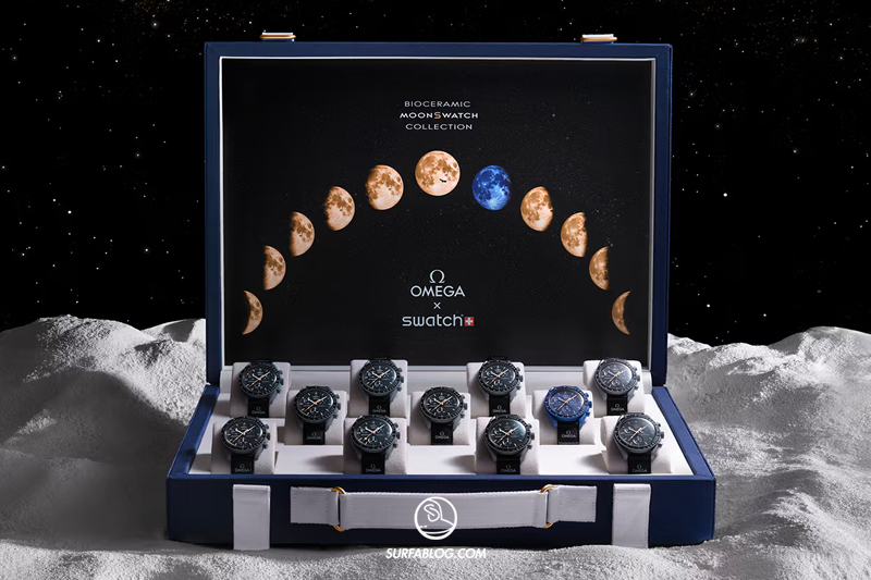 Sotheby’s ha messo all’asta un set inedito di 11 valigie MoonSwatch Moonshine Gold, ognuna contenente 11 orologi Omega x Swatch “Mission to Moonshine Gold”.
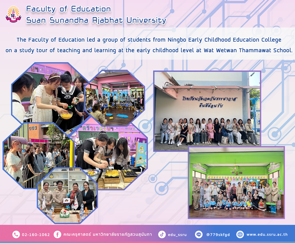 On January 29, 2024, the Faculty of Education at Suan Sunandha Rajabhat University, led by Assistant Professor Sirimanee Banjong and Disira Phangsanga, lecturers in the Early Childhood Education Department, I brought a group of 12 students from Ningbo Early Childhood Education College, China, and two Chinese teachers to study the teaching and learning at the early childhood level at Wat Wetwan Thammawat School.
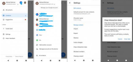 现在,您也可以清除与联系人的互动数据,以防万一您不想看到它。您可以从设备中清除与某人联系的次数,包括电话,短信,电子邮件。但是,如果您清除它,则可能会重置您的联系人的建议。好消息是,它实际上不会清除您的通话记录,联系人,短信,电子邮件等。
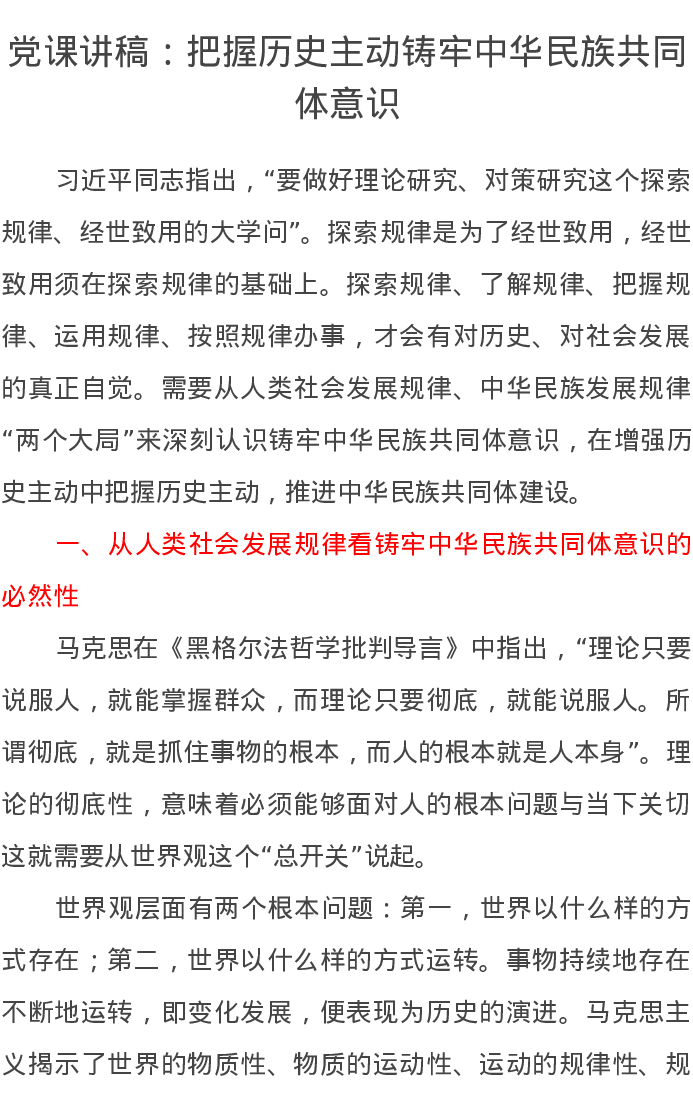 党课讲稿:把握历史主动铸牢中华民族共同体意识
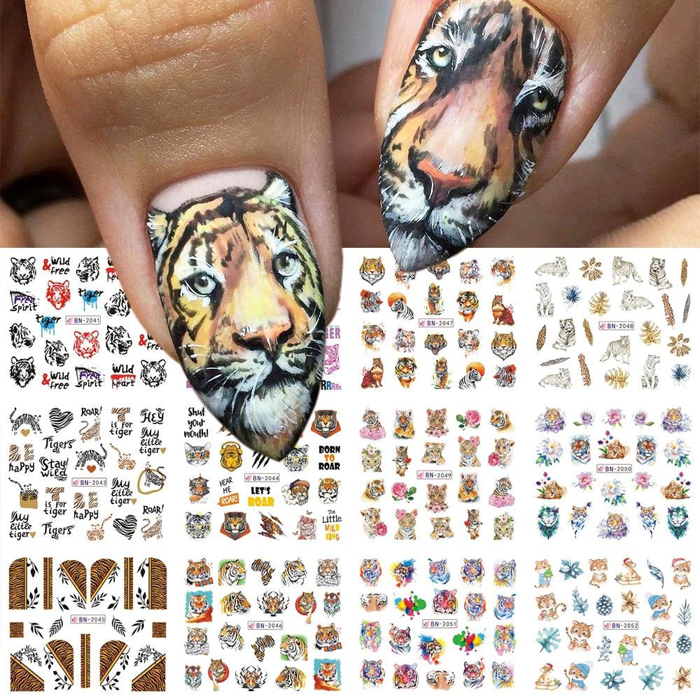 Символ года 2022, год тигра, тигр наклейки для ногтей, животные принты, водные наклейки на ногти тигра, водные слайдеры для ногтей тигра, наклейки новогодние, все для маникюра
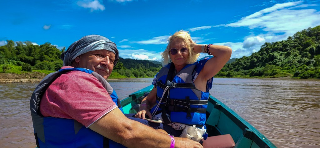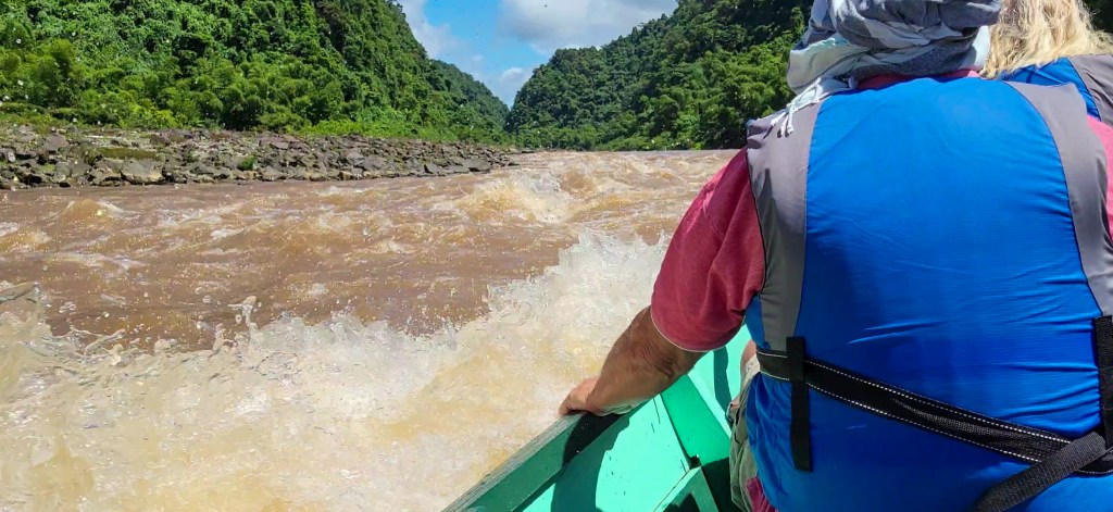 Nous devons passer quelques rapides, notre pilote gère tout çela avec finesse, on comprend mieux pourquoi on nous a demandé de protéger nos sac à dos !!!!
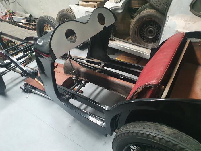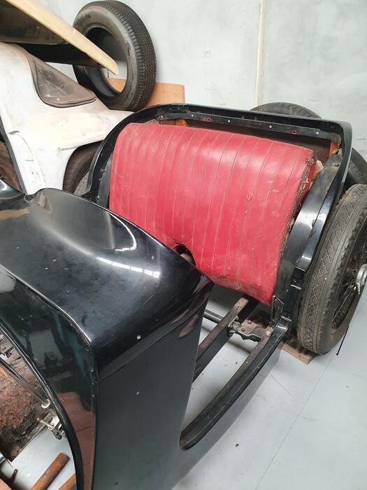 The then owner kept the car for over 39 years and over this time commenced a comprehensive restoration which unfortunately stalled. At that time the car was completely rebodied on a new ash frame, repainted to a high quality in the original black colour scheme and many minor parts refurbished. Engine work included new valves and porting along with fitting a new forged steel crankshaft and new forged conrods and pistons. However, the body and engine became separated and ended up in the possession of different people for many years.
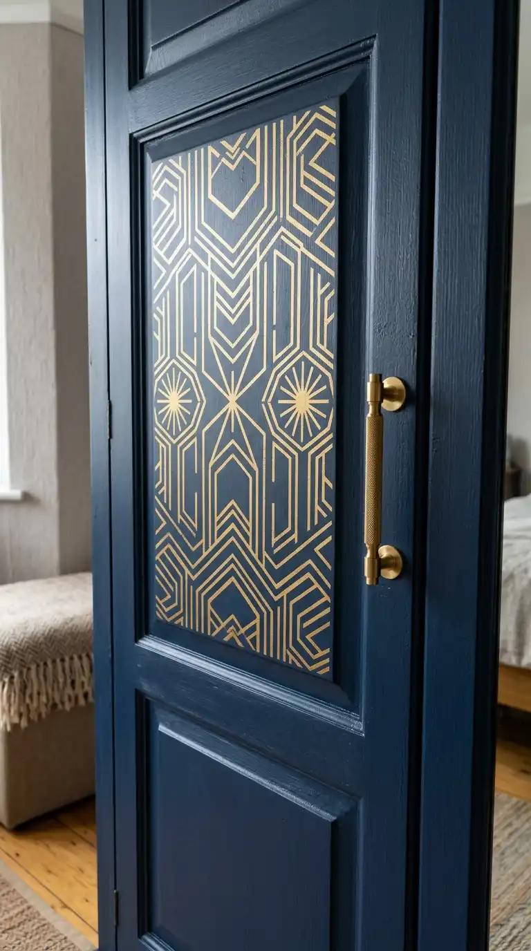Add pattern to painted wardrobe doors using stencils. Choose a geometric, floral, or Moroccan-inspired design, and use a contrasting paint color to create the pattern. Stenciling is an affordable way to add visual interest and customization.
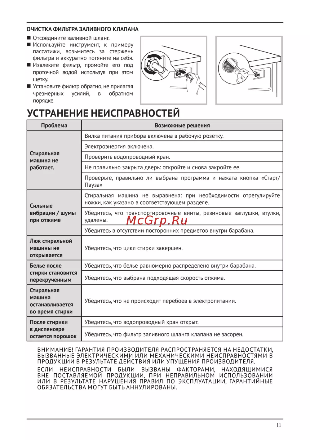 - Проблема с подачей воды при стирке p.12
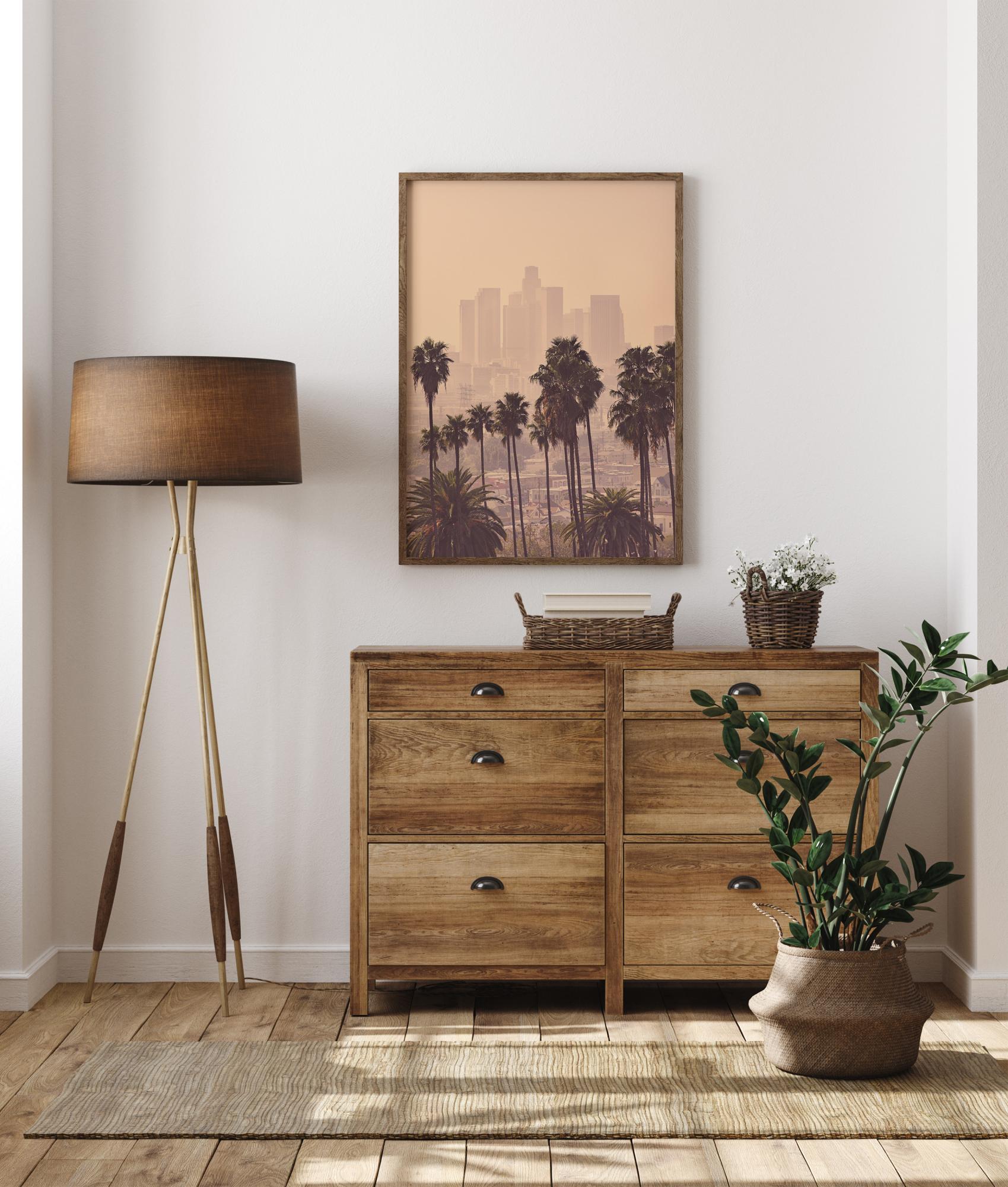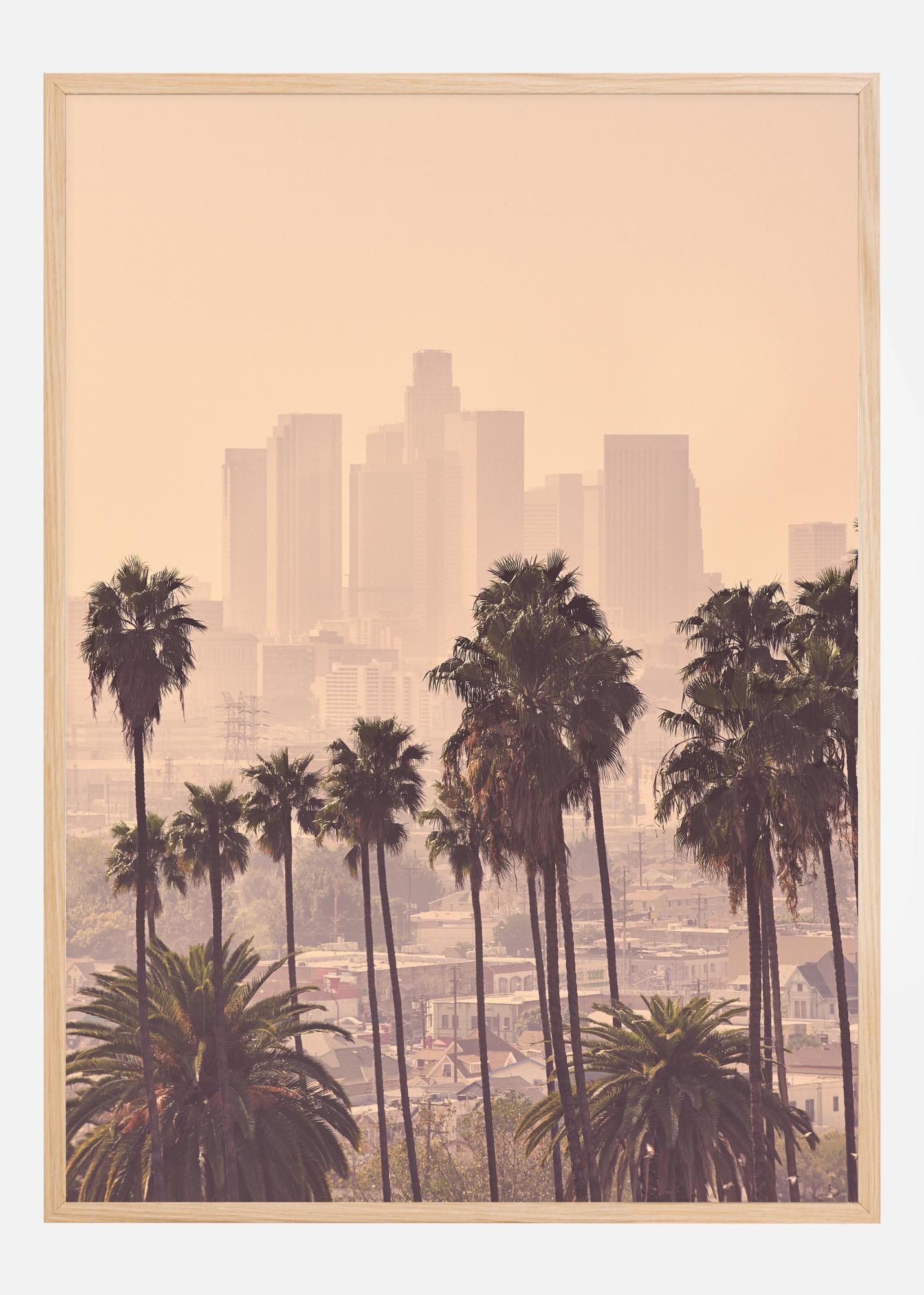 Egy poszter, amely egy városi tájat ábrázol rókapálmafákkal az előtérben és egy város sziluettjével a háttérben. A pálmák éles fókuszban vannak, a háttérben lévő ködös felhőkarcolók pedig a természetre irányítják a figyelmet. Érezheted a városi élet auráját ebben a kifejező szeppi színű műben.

-.-.-

Work request: Return the full listing exactly as written, without any of its images.

The answer:
 Sotheby’s ha messo all’asta un set inedito di 11 valigie MoonSwatch Moonshine Gold, ognuna contenente 11 orologi Omega x Swatch “Mission to Moonshine Gold”.
 On January 29, 2024, the Faculty of Education at Suan Sunandha Rajabhat University, led by Assistant Professor Sirimanee Banjong and Disira Phangsanga, lecturers in the Early Childhood Education Department, I brought a group of 12 students from Ningbo Early Childhood Education College, China, and two Chinese teachers to study the teaching and learning at the early childhood level at Wat Wetwan Thammawat School.
 现在,您也可以清除与联系人的互动数据,以防万一您不想看到它。您可以从设备中清除与某人联系的次数,包括电话,短信,电子邮件。但是,如果您清除它,则可能会重置您的联系人的建议。好消息是,它实际上不会清除您的通话记录,联系人,短信,电子邮件等。
 党课讲稿:把握历史主动铸牢中华民族共同体意识
 Символ года 2022, год тигра, тигр наклейки для ногтей, животные принты, водные наклейки на ногти тигра, водные слайдеры для ногтей тигра, наклейки новогодние, все для маникюра
 Nous devons passer quelques rapides, notre pilote gère tout çela avec finesse, on comprend mieux pourquoi on nous a demandé de protéger nos sac à dos !!!!
 The then owner kept the car for over 39 years and over this time commenced a comprehensive restoration which unfortunately stalled. At that time the car was completely rebodied on a new ash frame, repainted to a high quality in the original black colour scheme and many minor parts refurbished. Engine work included new valves and porting along with fitting a new forged steel crankshaft and new forged conrods and pistons. However, the body and engine became separated and ended up in the possession of different people for many years.
Add pattern to painted wardrobe doors using stencils. Choose a geometric, floral, or Moroccan-inspired design, and use a contrasting paint color to create the pattern. Stenciling is an affordable way to add visual interest and customization.
 - Проблема с подачей воды при стирке p.12
 Egy poszter, amely egy városi tájat ábrázol rókapálmafákkal az előtérben és egy város sziluettjével a háttérben. A pálmák éles fókuszban vannak, a háttérben lévő ködös felhőkarcolók pedig a természetre irányítják a figyelmet. Érezheted a városi élet auráját ebben a kifejező szeppi színű műben.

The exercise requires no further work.